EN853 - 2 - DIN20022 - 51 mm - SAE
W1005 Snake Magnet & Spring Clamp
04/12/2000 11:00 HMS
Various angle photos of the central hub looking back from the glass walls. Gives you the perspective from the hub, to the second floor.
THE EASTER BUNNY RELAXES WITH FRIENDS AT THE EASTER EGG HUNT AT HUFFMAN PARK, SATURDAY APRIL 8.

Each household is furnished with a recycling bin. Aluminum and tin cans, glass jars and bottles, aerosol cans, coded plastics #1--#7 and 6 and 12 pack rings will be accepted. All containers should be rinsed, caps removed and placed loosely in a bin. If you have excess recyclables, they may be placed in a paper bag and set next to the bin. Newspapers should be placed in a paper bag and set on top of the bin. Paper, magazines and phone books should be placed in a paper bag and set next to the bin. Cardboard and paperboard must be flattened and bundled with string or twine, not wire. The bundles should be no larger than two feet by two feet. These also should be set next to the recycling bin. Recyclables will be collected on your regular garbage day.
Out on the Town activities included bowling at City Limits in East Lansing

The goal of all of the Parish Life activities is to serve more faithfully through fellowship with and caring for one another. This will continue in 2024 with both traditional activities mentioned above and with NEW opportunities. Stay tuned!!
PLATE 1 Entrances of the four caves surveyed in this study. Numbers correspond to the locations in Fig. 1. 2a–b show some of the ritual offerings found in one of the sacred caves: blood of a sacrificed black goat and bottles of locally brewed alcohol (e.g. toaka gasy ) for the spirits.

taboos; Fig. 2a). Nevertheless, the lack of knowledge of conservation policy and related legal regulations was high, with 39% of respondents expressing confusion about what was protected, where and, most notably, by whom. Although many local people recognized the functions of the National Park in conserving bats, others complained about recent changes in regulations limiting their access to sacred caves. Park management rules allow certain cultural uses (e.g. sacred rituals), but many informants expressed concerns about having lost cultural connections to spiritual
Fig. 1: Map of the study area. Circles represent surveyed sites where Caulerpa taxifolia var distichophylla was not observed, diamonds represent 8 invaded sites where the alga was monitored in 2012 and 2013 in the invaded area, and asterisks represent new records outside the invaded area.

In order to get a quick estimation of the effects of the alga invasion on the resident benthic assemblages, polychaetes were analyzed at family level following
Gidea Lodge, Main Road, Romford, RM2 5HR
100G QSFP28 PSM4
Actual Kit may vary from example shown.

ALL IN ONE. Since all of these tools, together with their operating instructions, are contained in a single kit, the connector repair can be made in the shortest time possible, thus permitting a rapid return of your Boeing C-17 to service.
========
* WHAT YOU SHOULD DO
Write each line of the data down again exactly as it reads.

* COMPLETED EXERCISE
EN853 - 2 - DIN20022 - 51 mm - SAE
W1005 Snake Magnet & Spring Clamp
04/12/2000 11:00 HMS
Various angle photos of the central hub looking back from the glass walls. Gives you the perspective from the hub, to the second floor.
THE EASTER BUNNY RELAXES WITH FRIENDS AT THE EASTER EGG HUNT AT HUFFMAN PARK, SATURDAY APRIL 8.

Each household is furnished with a recycling bin. Aluminum and tin cans, glass jars and bottles, aerosol cans, coded plastics #1--#7 and 6 and 12 pack rings will be accepted. All containers should be rinsed, caps removed and placed loosely in a bin. If you have excess recyclables, they may be placed in a paper bag and set next to the bin. Newspapers should be placed in a paper bag and set on top of the bin. Paper, magazines and phone books should be placed in a paper bag and set next to the bin. Cardboard and paperboard must be flattened and bundled with string or twine, not wire. The bundles should be no larger than two feet by two feet. These also should be set next to the recycling bin. Recyclables will be collected on your regular garbage day.
Out on the Town activities included bowling at City Limits in East Lansing

The goal of all of the Parish Life activities is to serve more faithfully through fellowship with and caring for one another. This will continue in 2024 with both traditional activities mentioned above and with NEW opportunities. Stay tuned!!
PLATE 1 Entrances of the four caves surveyed in this study. Numbers correspond to the locations in Fig. 1. 2a–b show some of the ritual offerings found in one of the sacred caves: blood of a sacrificed black goat and bottles of locally brewed alcohol (e.g. toaka gasy ) for the spirits.

taboos; Fig. 2a). Nevertheless, the lack of knowledge of conservation policy and related legal regulations was high, with 39% of respondents expressing confusion about what was protected, where and, most notably, by whom. Although many local people recognized the functions of the National Park in conserving bats, others complained about recent changes in regulations limiting their access to sacred caves. Park management rules allow certain cultural uses (e.g. sacred rituals), but many informants expressed concerns about having lost cultural connections to spiritual
Fig. 1: Map of the study area. Circles represent surveyed sites where Caulerpa taxifolia var distichophylla was not observed, diamonds represent 8 invaded sites where the alga was monitored in 2012 and 2013 in the invaded area, and asterisks represent new records outside the invaded area.

In order to get a quick estimation of the effects of the alga invasion on the resident benthic assemblages, polychaetes were analyzed at family level following
Gidea Lodge, Main Road, Romford, RM2 5HR
100G QSFP28 PSM4
Actual Kit may vary from example shown.

ALL IN ONE. Since all of these tools, together with their operating instructions, are contained in a single kit, the connector repair can be made in the shortest time possible, thus permitting a rapid return of your Boeing C-17 to service.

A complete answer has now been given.